Pharmacology

Biography

Biography: Gal Bitan

Abstract

Statement of the Problem: Biomarkers for neurodegenerative diseases are urgently needed. Definite diagnosis for most diseases is possible only postmortem and the rates of misdiagnosis are high. Monitoring progression and treatment effects using clinical criteria is inefficient due to high variability. Current biomarker strategies, such as brain imaging and cerebrospinal fluid analysis have major drawbacks. An attractive alternative is analysis of biomarkers in brain-derived exosomes isolated from the blood. Methodology & Theoretical Orientation: We examined α-synuclein in neuronal and oligodendroglial exosomes as a diagnostic biomarker for distinguishing between Parkinson’s disease (PD) and multiple system atrophy (MSA). α-Synuclein deposition is found as Lewy bodies in PD and glial cytoplasmic inclusions, primarily in oligodendrocytes, in MSA. We compared cohorts of healthy control individuals, patients with PD, and patients with MSA. Findings: α- Synuclein concentration in both exosome populations were significantly higher in the two diseases than in the controls and in MSA relative to PD. The total α-synuclein levels separated MSA from control with high sensitivity and specificity, whereas the PD group separated only moderately from the other groups.
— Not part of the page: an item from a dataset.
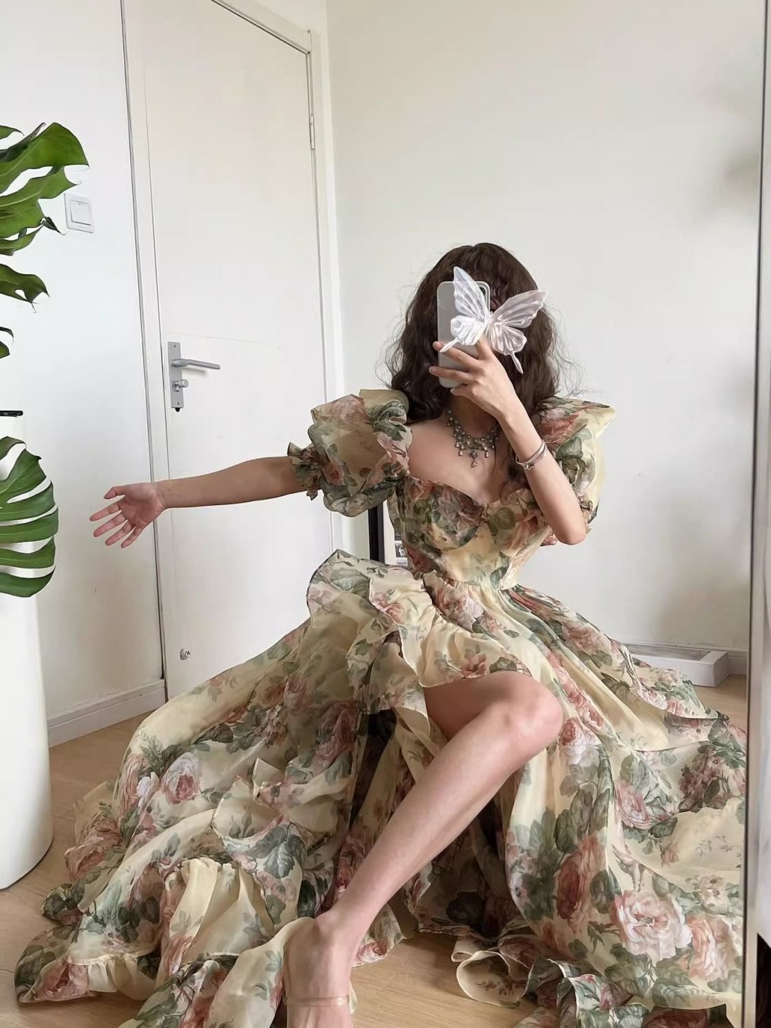 Yellow-Bottomed Colorful Rose Wedding Dress 2025 New Dress Dress Dress Dress HZ0628

However, the ratio between the α- synuclein levels in the oligodendroglial relative to the neuronal exosomes separated the two disease groups with high sensitivity and specificity. The ratio also correlated significantly with progression of motor symptoms in the PD group. Conclusion & Significance: Measurement of α-synuclein in brain-derived exosomes offers a minimally invasive means for analyzing biomarkers for PD and MSA, suggesting that in the relatively near future these two diseases could for the first time be diagnosed with high sensitivity and specificity, and their progression could be monitored, using a simple blood test.